> Your objective: Every line of the material is to be returned verbatim. Pictures stay out.

> Available data:
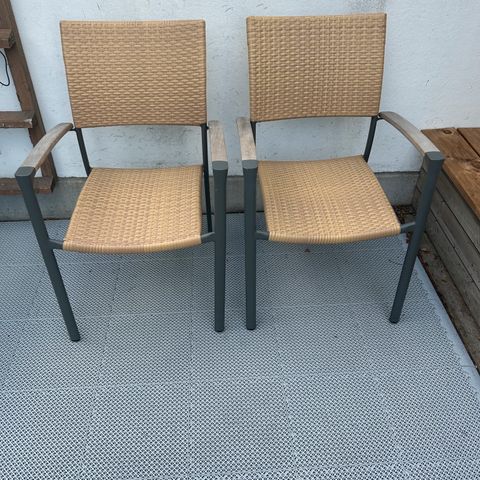 Puutarhatuoli, istuin- ja selkäosa punottua materiaalia, kehikko metallia, liikuteltavat käsinojat. Hyvä kunto, ollut sisävarastossa. Koiratalous.
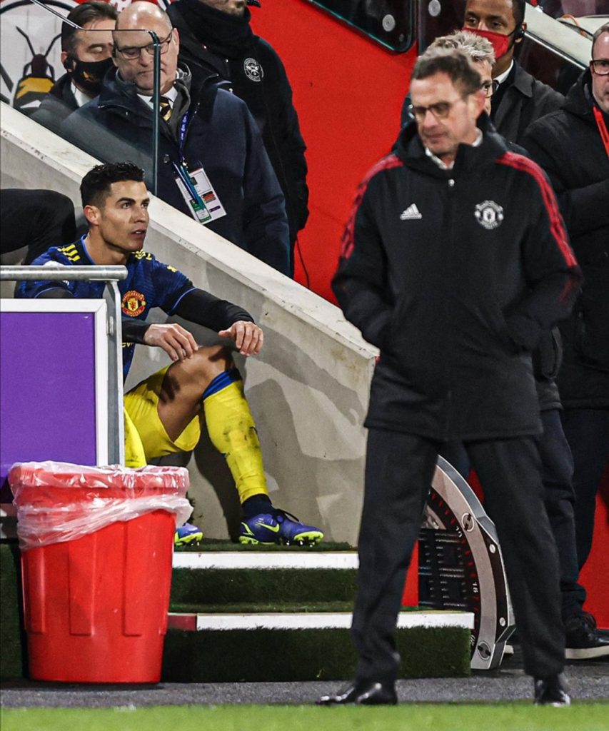 وأبدى رونالدو، غضبه وعدم رضاه، بعدما تم استبداله في مباراة برينتفورد في الدقيقة 71، وشارك بدلاً منه هاري ماجواير.
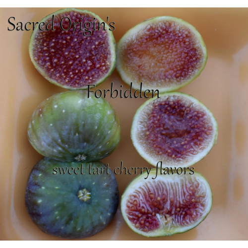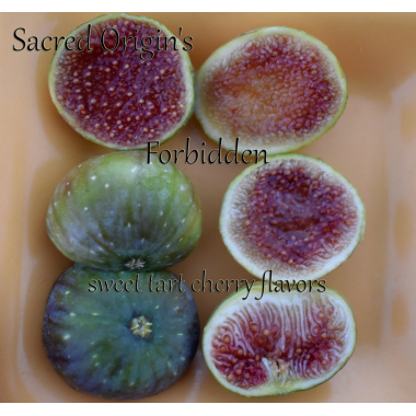 Mysterious, alluring, and unforgettable—Sacred Origin’s Forbidden is a fig that lives up to its name. This striking variety bears large, green-skinned fruit that glows with an inner core of sweet cherry-berry flesh, rich in color and complexity. The flavor is decadent and layered, offering a deep berry sweetness with a luxurious, almost dessert-like finish.

> Task output:
 Puutarhatuoli, istuin- ja selkäosa punottua materiaalia, kehikko metallia, liikuteltavat käsinojat. Hyvä kunto, ollut sisävarastossa. Koiratalous.
 وأبدى رونالدو، غضبه وعدم رضاه، بعدما تم استبداله في مباراة برينتفورد في الدقيقة 71، وشارك بدلاً منه هاري ماجواير.
 Mysterious, alluring, and unforgettable—Sacred Origin’s Forbidden is a fig that lives up to its name. This striking variety bears large, green-skinned fruit that glows with an inner core of sweet cherry-berry flesh, rich in color and complexity. The flavor is decadent and layered, offering a deep berry sweetness with a luxurious, almost dessert-like finish.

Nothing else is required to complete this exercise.